Endocarditis results from endothelial damage to the heart valves that initiates a healing process through platelets, fibrin and leukocytes. But the endothelial damage also makes the heart valve more prone to bacterial colonisation.
This blood composition can also be achieved by using biological patches created from blood through a special form of centrifugation. Placing these autologous patches in chronic wounds has been shown to promote healing. In vitro colonisation of the patch with relevant endocarditis bacteria has been shown to work convincingly as an endocarditis simulation model and must now be tested to determine whether it can reflect the individual disease trajectory by testing treatment on a simulation based on the patient’s own blood and infecting bacteria.
The model should be used in parallel to identify new and improved treatments for people with endocarditis.
If it works in one place, it might also work in …
Immunoglobulin Y (IgY) is the most important antibody for birds. It is present in high concentration in the egg yolk (Y for yolk), and open studies have shown that people with cystic fibrosis who gargle with the yolk of chickens vaccinated against P. aeruginosa can prevent lung infections with P. aeruginosa from flaring up.
We have found even better effectiveness of IgY by combining it with azithromycin, an antibiotic. Such a strategy in prophylactic cystic fibrosis treatment has now been superseded by the new and extremely promising cystic fibrosis transmembrane conductance regulator (CFTR) modulators and potentiators. However, the combination may now be used to treat people with chronic obstructive pulmonary disease and bronchiectasis.
What works against one biofilm can apparently also be used against others based on the observation that treatments that work on one mucosal membrane may also work on another. We have just demonstrated prophylactic effectiveness of anti-Pseudomonas IgY on chronic urinary tract infection in a newly developed animal model. The clinical target groups are people for whom urinary tract infections are a widespread problem. This is especially relevant for people with spinal cord injuries who depend on catheterising the urinary tract several times a day, but people in intensive care may also be candidates for this strategy.
P. aeruginosa is obvious as a target bacterium because of its biofilm abilities, generally reduced antibiotic sensitivity and widespread ability to develop drug resistance, but IgY treatment can also relatively easily target other urinary pathogens; chickens can be easily vaccinated with other urinary pathogens.
A translational no-man’s land
To put it bluntly, clinically oriented translational research can end in the gap between patient management and basic scientific and technical research: where the complexity of animal models and how much work lies in ensuring their relevance and reproducibility are not well enough understood. Basic research has natural and limited insight into the complexity of patient treatment and of clinical trials of new treatment options.
It is almost a no-man’s land, but close intersectoral collaboration and understanding of the complexity and diversity of biofilm infections can make completely new and necessary clinical advances, also for various types of biofilms, to benefit patients.

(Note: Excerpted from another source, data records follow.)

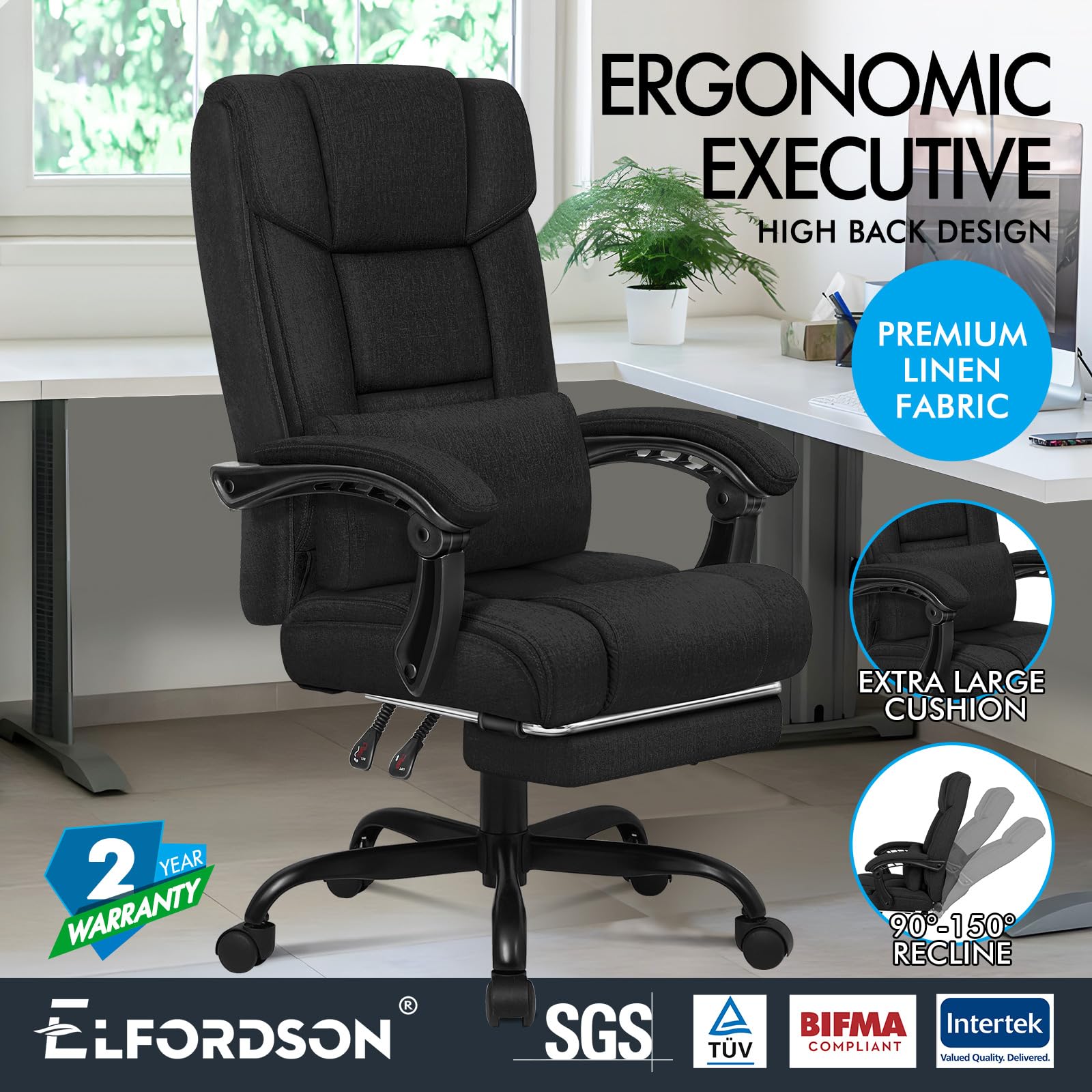 - ELFORDSON Office Chair | XL Lumbar Cushion | Computer Desk Chair with Footrest | High Back 150° Recliner -
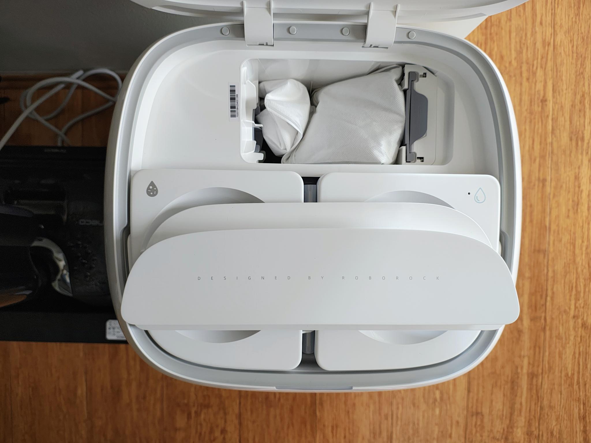 There is a small 102ml internal clean water tank and a 100ml waste water tank, which means it needs to return to base when the clean water is exhausted or every 10 minutes (adjustable by room, or 10/15/20/25 minutes) for a refill and mop wash.
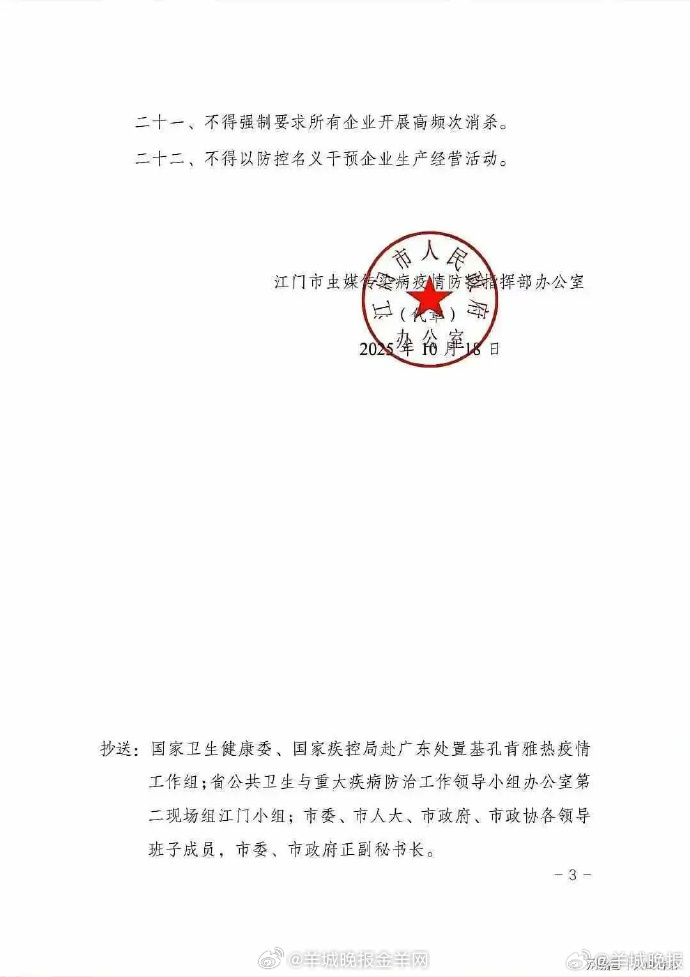 此次发布的22条“负面清单”精准回应了前期防控中的突出问题,覆盖民生保障、执法规范、企业生产等关键维度。针对此前媒体曝光的灭蚊人员入户取走居民绿植、强制开锁等争议现象,函件明确禁止“非法进入居民家”“随意处理居民绿植”“非法处置他人财产”等行为,相关部门已对涉事行为开展上门致歉等整改工作。

The enormous success of cystic fibrosis treatment in Denmark has been a locomotive for the whole world, and since Denmark has very strong scientific biofilm-focused research communities with international collaboration, we should be able to make considerable progress within several other biofilm-related diseases and thus also involve others.
We are on track for chronic wounds, urinary tract infections and endocarditis, but the potential is far, far greater. So we are not home yet – we must move on!